→ Problem to solve
The answer is to be the lines below that lie between the line holding "Eine Entdeckungsreise in" and the line holding "Die Maske Kundenweise", inclusive, transcribed exactly and free of pictures.

→ Data for this task
* * *

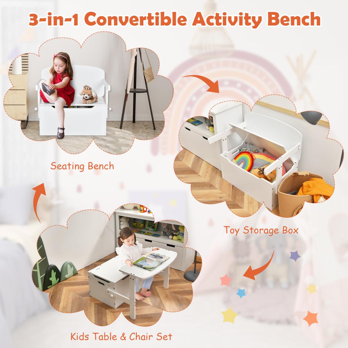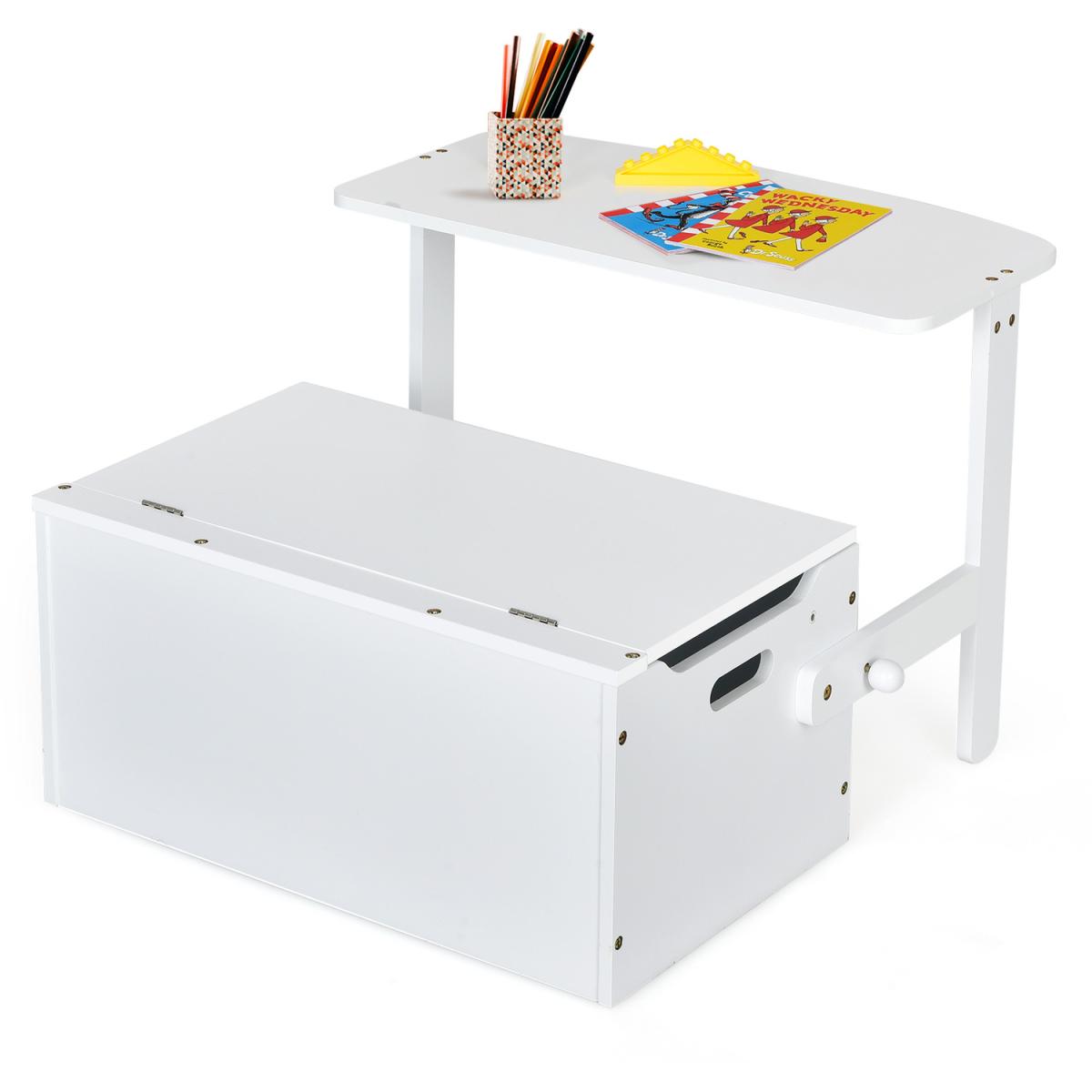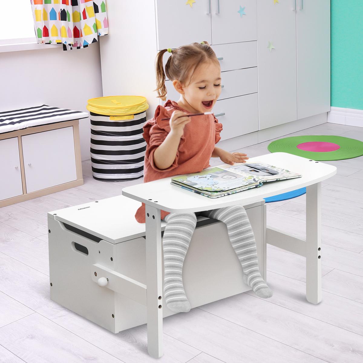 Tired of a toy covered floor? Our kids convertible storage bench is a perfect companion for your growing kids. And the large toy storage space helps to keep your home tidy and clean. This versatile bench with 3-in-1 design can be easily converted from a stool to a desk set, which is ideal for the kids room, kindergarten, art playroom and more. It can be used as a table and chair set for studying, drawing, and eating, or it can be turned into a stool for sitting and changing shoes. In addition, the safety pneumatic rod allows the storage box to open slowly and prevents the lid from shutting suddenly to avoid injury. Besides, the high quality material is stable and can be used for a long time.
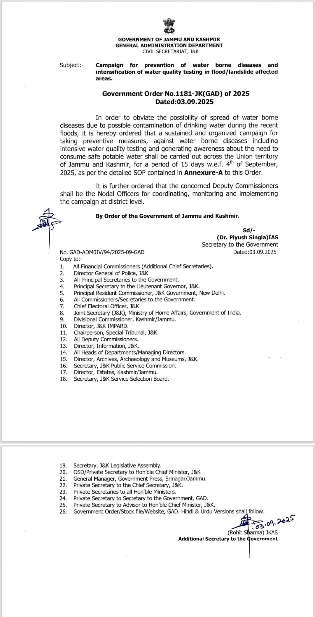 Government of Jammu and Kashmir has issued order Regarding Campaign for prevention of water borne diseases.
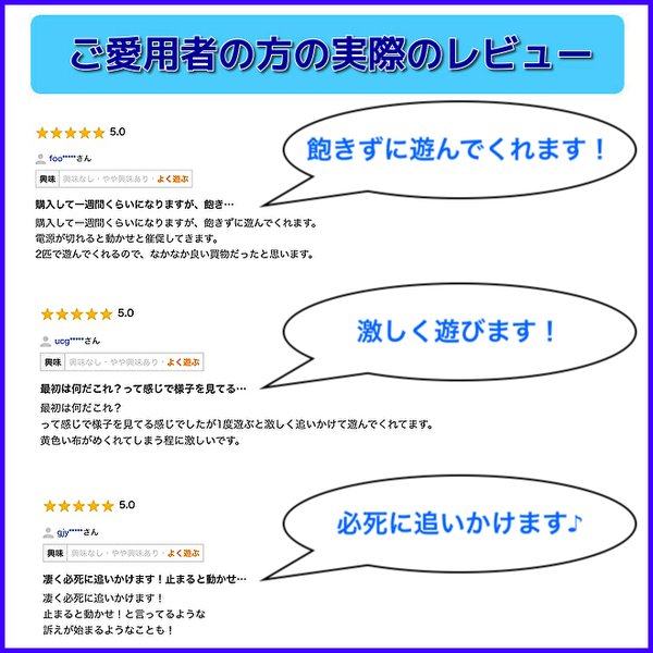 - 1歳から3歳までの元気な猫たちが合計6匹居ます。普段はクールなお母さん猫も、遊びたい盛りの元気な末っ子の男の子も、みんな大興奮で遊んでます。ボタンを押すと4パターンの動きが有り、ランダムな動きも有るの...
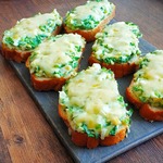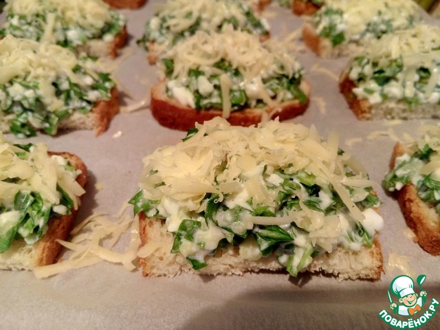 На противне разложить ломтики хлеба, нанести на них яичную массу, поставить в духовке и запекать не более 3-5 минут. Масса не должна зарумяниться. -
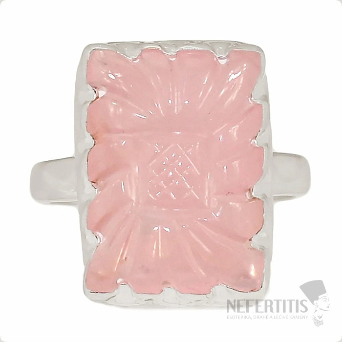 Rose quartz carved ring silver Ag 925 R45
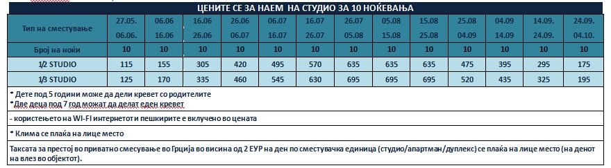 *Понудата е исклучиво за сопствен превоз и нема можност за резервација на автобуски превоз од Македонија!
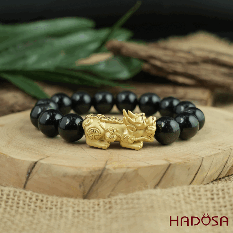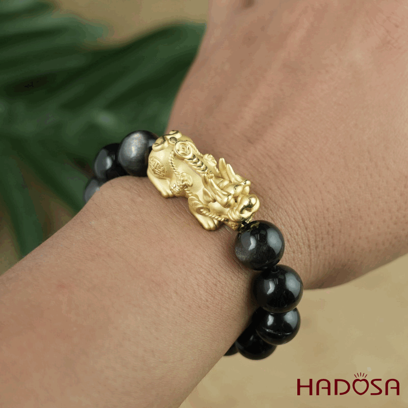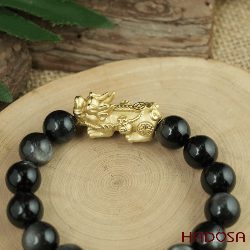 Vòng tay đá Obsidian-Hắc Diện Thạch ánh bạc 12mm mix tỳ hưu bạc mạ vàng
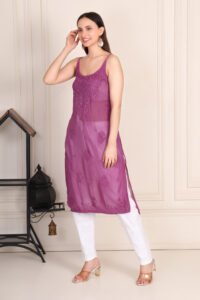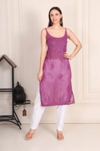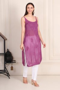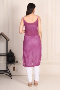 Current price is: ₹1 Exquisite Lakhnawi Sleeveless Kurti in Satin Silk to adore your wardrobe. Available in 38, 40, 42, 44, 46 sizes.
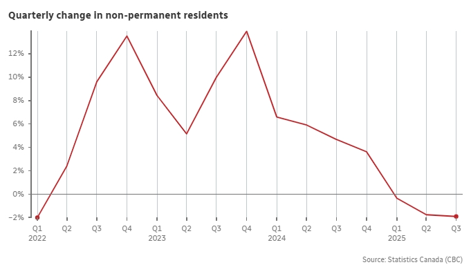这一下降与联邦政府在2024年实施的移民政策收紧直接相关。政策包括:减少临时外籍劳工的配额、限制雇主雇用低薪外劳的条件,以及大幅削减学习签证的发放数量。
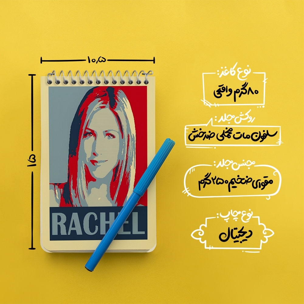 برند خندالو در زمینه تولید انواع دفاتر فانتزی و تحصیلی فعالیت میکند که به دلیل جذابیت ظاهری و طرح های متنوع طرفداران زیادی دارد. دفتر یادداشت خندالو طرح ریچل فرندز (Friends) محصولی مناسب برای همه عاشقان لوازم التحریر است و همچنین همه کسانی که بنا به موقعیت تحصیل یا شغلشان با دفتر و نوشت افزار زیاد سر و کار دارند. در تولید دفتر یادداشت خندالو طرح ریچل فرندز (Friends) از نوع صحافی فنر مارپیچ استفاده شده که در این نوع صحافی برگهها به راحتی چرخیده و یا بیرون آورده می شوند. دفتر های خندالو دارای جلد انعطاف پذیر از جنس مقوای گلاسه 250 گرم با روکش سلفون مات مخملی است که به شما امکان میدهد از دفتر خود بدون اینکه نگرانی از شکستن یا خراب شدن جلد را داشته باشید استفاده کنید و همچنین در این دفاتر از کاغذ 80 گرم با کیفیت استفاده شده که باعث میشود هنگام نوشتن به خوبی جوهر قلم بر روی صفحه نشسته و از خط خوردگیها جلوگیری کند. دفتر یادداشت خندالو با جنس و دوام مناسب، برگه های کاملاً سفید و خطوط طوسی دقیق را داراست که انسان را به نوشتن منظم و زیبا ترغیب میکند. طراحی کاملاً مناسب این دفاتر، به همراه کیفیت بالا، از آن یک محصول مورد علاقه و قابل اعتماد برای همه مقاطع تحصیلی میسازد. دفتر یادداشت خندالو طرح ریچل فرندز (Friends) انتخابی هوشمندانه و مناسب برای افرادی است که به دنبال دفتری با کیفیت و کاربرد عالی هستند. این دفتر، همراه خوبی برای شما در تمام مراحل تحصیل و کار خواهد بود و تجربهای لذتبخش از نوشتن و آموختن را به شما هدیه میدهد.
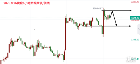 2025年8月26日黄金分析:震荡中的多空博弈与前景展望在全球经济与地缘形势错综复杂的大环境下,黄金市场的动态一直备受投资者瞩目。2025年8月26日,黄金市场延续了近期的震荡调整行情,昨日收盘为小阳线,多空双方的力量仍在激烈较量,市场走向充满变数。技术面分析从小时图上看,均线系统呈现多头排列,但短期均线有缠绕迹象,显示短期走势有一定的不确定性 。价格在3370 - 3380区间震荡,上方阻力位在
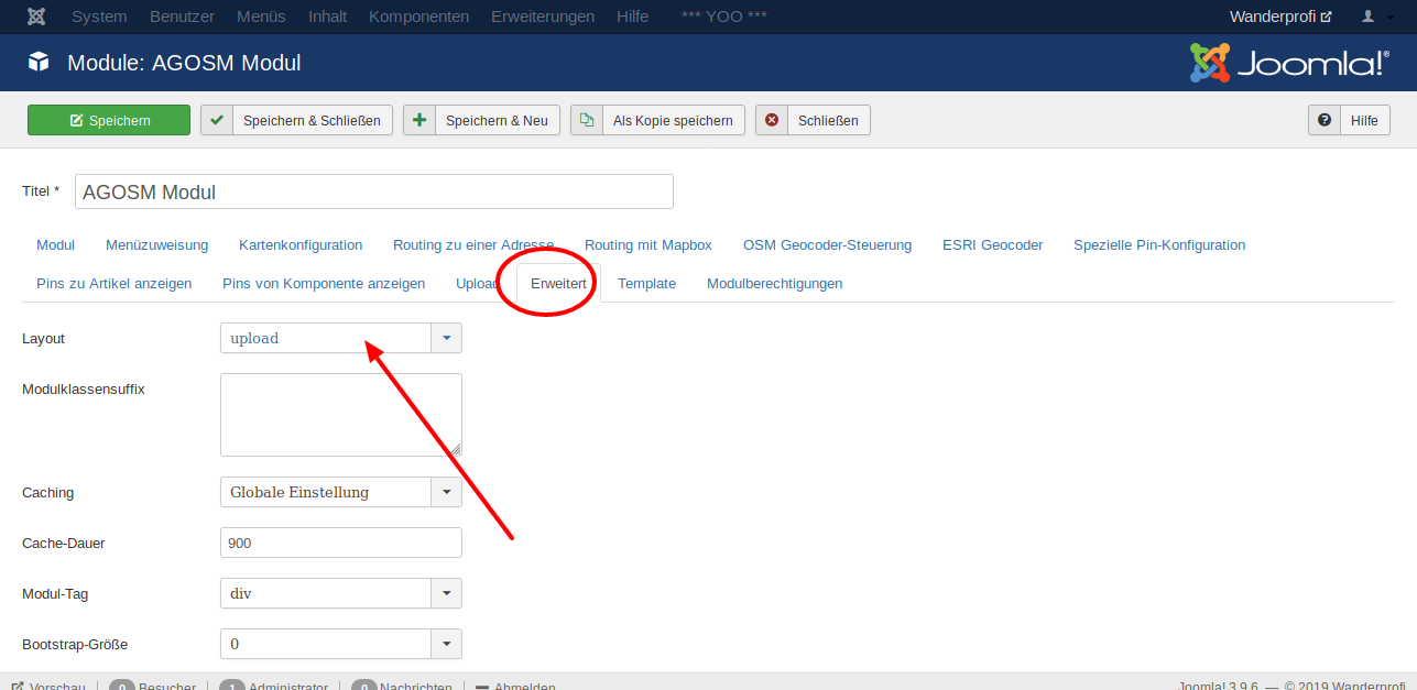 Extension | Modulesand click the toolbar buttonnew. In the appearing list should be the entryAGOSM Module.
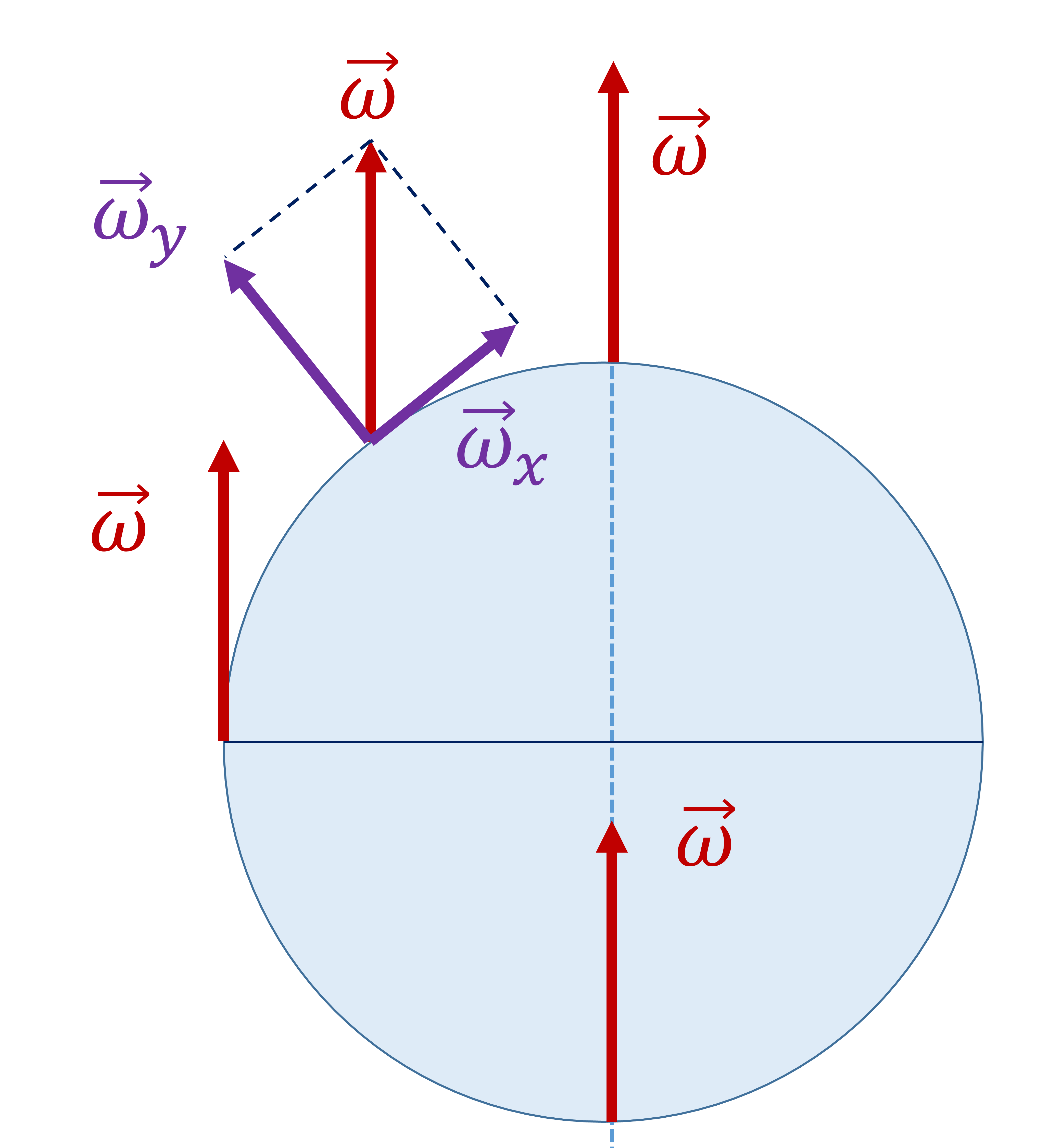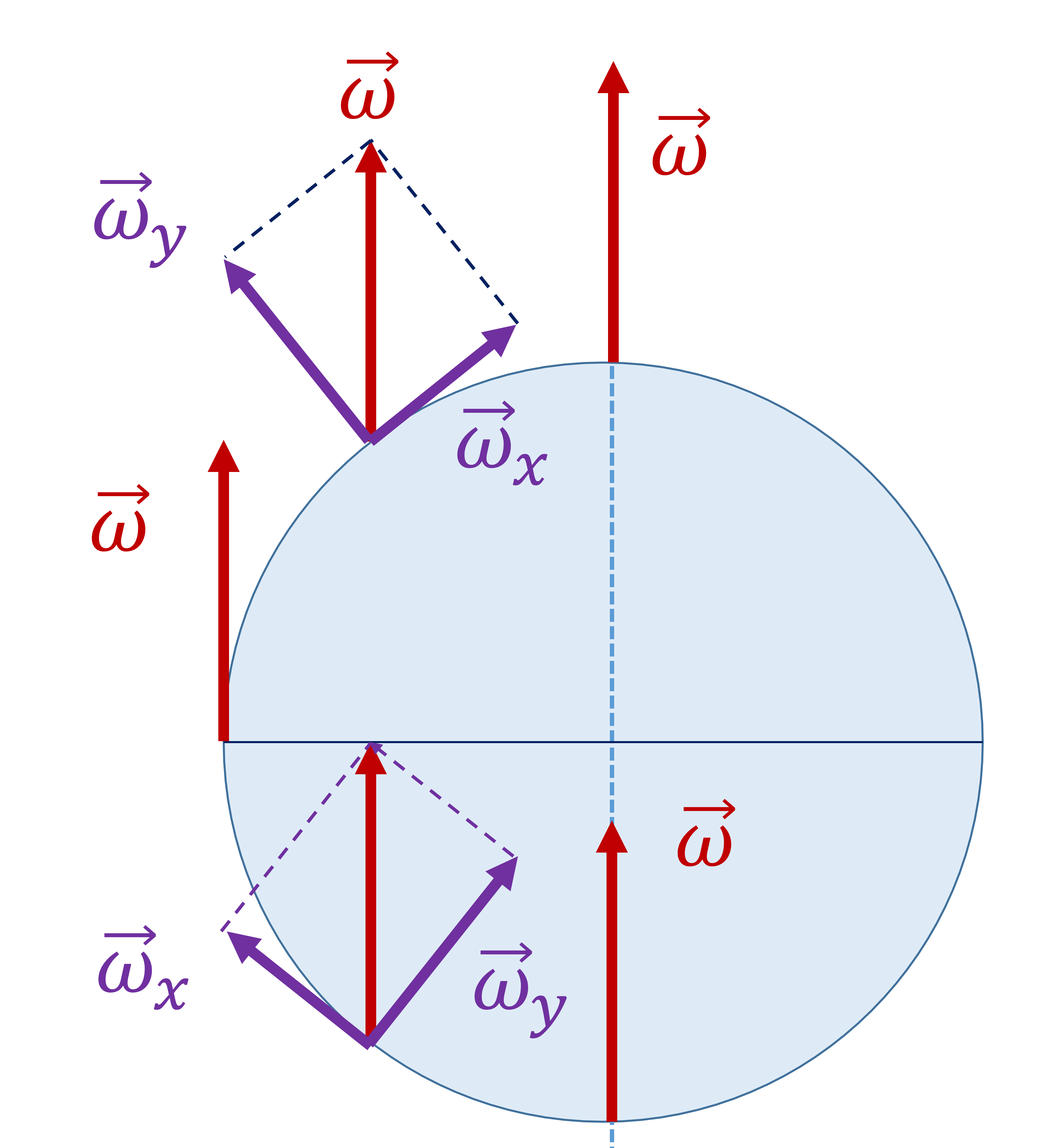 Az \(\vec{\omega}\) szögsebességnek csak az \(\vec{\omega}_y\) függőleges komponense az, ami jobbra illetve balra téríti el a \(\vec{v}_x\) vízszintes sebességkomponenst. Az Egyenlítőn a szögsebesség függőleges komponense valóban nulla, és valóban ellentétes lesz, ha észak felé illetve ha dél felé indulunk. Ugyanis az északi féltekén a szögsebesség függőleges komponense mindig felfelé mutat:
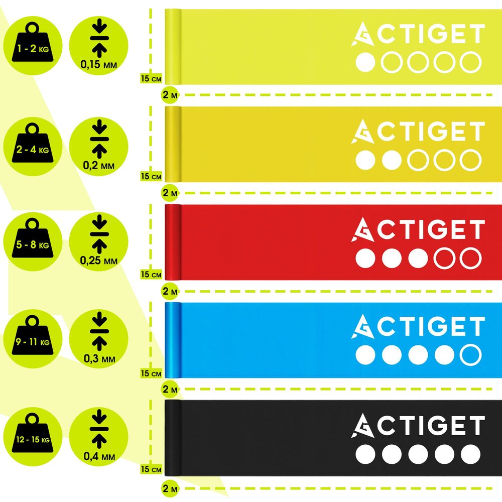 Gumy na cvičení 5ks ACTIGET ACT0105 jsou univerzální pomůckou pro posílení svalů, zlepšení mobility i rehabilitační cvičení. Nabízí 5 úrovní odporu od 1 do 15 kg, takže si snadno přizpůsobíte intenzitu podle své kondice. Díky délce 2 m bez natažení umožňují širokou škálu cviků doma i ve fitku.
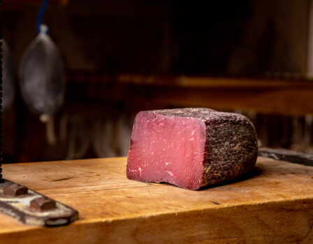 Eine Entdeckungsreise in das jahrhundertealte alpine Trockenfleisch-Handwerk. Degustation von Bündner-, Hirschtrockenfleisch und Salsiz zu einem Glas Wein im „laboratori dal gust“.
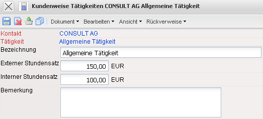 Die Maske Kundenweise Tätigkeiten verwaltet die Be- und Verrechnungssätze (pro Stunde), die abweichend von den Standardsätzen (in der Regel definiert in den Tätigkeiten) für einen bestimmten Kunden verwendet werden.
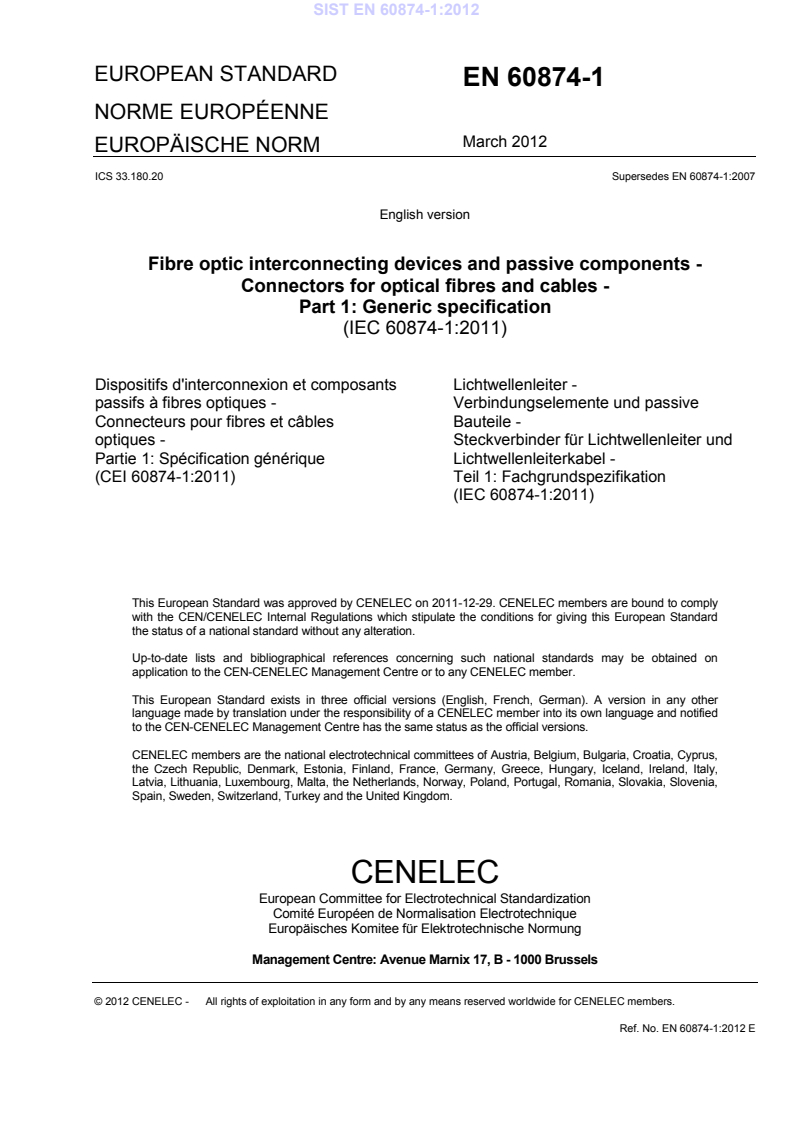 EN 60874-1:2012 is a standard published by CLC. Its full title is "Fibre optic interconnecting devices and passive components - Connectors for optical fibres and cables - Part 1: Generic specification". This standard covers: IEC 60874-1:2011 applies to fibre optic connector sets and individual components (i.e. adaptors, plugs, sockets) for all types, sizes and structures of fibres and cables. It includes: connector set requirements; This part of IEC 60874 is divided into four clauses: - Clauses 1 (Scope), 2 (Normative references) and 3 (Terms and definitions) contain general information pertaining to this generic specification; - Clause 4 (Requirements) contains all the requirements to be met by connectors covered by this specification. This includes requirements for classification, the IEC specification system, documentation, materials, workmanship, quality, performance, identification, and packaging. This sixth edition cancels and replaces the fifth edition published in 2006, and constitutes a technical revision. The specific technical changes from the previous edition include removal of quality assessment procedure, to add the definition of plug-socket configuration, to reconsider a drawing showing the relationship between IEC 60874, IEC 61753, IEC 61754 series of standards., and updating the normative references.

* * *

→ Answer below
 Eine Entdeckungsreise in das jahrhundertealte alpine Trockenfleisch-Handwerk. Degustation von Bündner-, Hirschtrockenfleisch und Salsiz zu einem Glas Wein im „laboratori dal gust“.
 Die Maske Kundenweise Tätigkeiten verwaltet die Be- und Verrechnungssätze (pro Stunde), die abweichend von den Standardsätzen (in der Regel definiert in den Tätigkeiten) für einen bestimmten Kunden verwendet werden.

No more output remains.